Manitoba Justice Lori Douglas faces removal from the bench over nude photographs of her posted without permission on the internet by her husband. (CBC)

A disciplinary committee does not need to see graphic sex photographs of a senior Manitoba judge to decide whether she should stay on the bench, her lawyer argued Thursday.

Allowing the committee to view the pictures of Associate Chief Justice Lori Douglas, released on the Internet without her consent, would only serve to revictimize her, court heard.
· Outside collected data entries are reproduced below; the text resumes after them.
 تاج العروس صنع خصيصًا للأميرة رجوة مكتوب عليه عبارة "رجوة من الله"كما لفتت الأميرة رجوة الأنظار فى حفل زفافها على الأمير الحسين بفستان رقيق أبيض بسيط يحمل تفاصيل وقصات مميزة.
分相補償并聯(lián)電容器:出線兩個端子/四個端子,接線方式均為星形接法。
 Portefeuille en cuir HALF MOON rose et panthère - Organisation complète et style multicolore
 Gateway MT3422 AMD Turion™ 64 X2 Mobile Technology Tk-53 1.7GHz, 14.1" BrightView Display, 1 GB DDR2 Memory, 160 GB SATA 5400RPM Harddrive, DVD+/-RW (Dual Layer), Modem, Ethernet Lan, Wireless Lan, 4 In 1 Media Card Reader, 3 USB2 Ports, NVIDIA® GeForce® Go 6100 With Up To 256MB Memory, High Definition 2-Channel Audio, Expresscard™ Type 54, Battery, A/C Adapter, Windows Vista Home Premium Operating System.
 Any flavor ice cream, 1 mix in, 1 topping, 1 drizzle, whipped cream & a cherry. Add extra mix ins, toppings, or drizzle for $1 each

"They're highly prejudicial. They're not necessary for the determination of this issue," lawyer Sheila Block told Federal Court.

"These are people she has dinner with. These are colleagues. The harm is tremendous."
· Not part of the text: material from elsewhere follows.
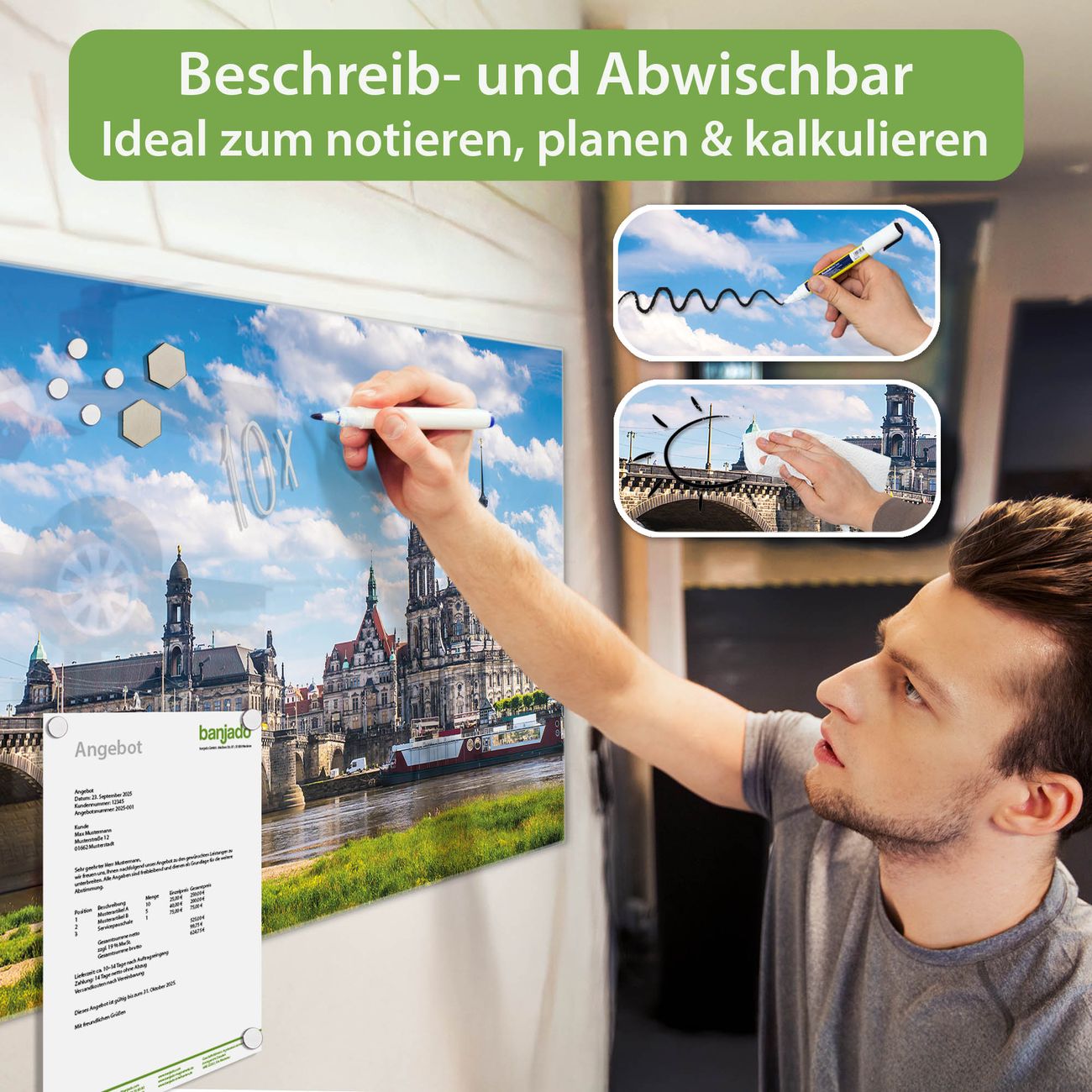 Die banjado Glas Magnettafel mit dem Motiv Motiv Elbflorenz verbindet Funktionalität mit Stil. Sie ersetzt das Zettelchaos durch klare Strukturen und bringt dabei eine warme, natürliche Atmosphäre in Ihr Zuhause. Ob im Büro, in der Küche oder im Eingangsbereich - dieses Design-Board zieht Blicke an und sorgt für Ordnung mit Charakter.
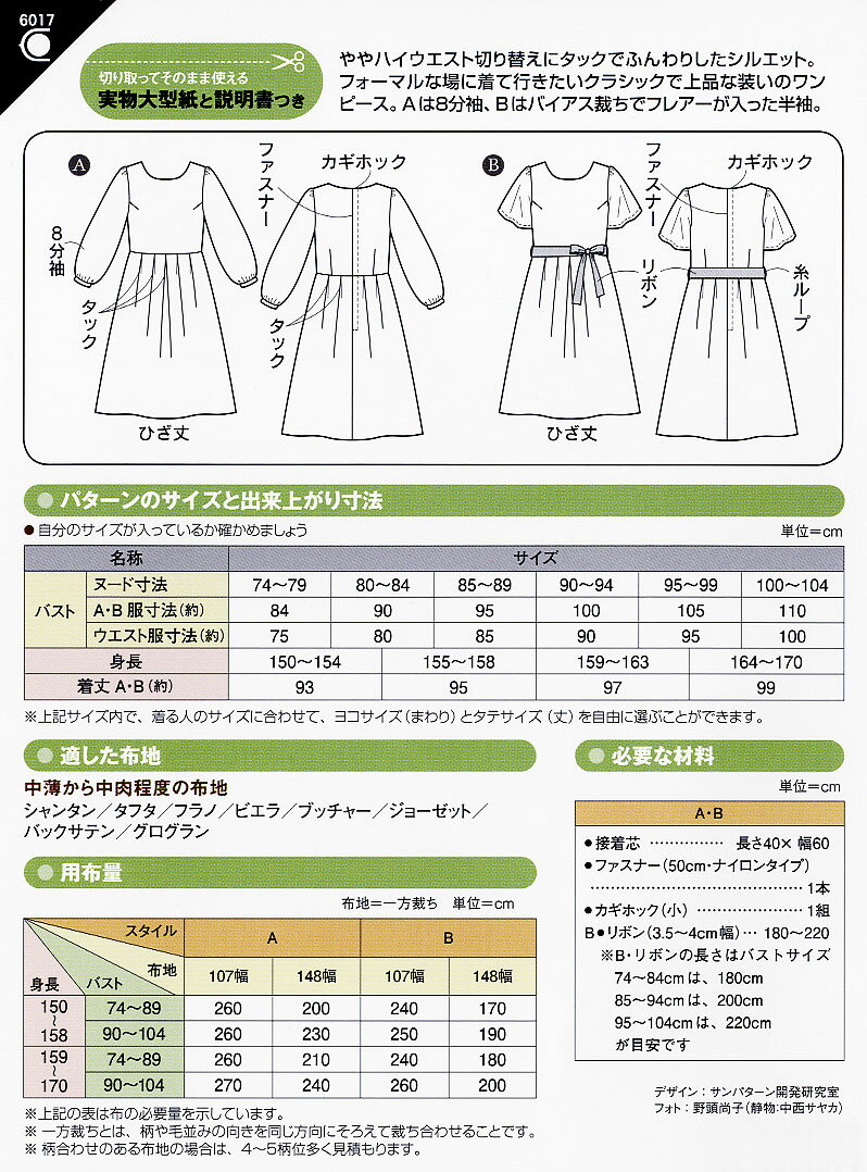 実物大型紙大人 トップスワンピース 6017 サンパターン [送料無料] 大人 手作り

The committee of the Canadian Judicial Council, supported by its independent counsel, has ruled it needs to view the photographs to decide whether they are "demeaning to women" and might warrant Douglas's removal from the bench.

Judge Richard Mosley said the court could hold a hearing on permanently blocking the photographs within two weeks, but Block said that wouldn't help.

An immediate interim stay is needed, she said, because the panel is slated to begin its hearings on Monday, and the pictures would be entered as evidence right away.

"Once the bell is rung, it's over," Block told Mosley.

'At the core of the allegations,' says panel

In a ruling last month, the panel said the photographs were relevant.

"It is difficult, if not impossible, to consider these allegations without a concrete first-hand appreciation of their nature and what they depict," the panel stated.

"Such characteristics are precisely at the core of the allegations which we are charged to investigate."
In court Thursday, the committee's independent counsel, Suzanne Cote, opposed the requested interim stay, saying the effect would be to put the entire proceedings on hold indefinitely given the importance of the photographs.

"The main dispute is about the effect of these pictures," Cote told Mosley.

The case speaks to the integrity of the justice system, Cote said, and the panel needs to view the images at the outset of their hearings to make informed findings.

Block heaped scorn on that notion. The nature of the images is already well known, she said.

"There's no issue these are graphic pictures," Block said. "These are pictures of people having sex."
The photographs, some of which depict bondage, were taken by Douglas's now-late husband Jack King before she became a judge.

Douglas 'totally a victim,' says lawyer

Without telling her, he sent them to a client and put them on the Internet. The client distributed them further in 2010, despite an agreement in 2003 with King to return or destroy them.

One of the allegations is that Douglas failed to disclose that the photographs were on the Internet when she applied to become a family court judge in 2004.

Block called it a classic case of "revenge porn" and said any judge could become a victim.

"Suppose the judge was raped and somebody put it on YouTube?" Block said. "(Douglas) is totally a victim. She is entitled to the sex that she chooses to have."

Douglas is now facing potential punishment, the lawyer said, because of something nasty her husband did.

"A woman is not owned by her husband," Block said.

Mosley, who at one point noted judges are routinely required to view sensitive material, said he would likely rule on the stay motion on Friday.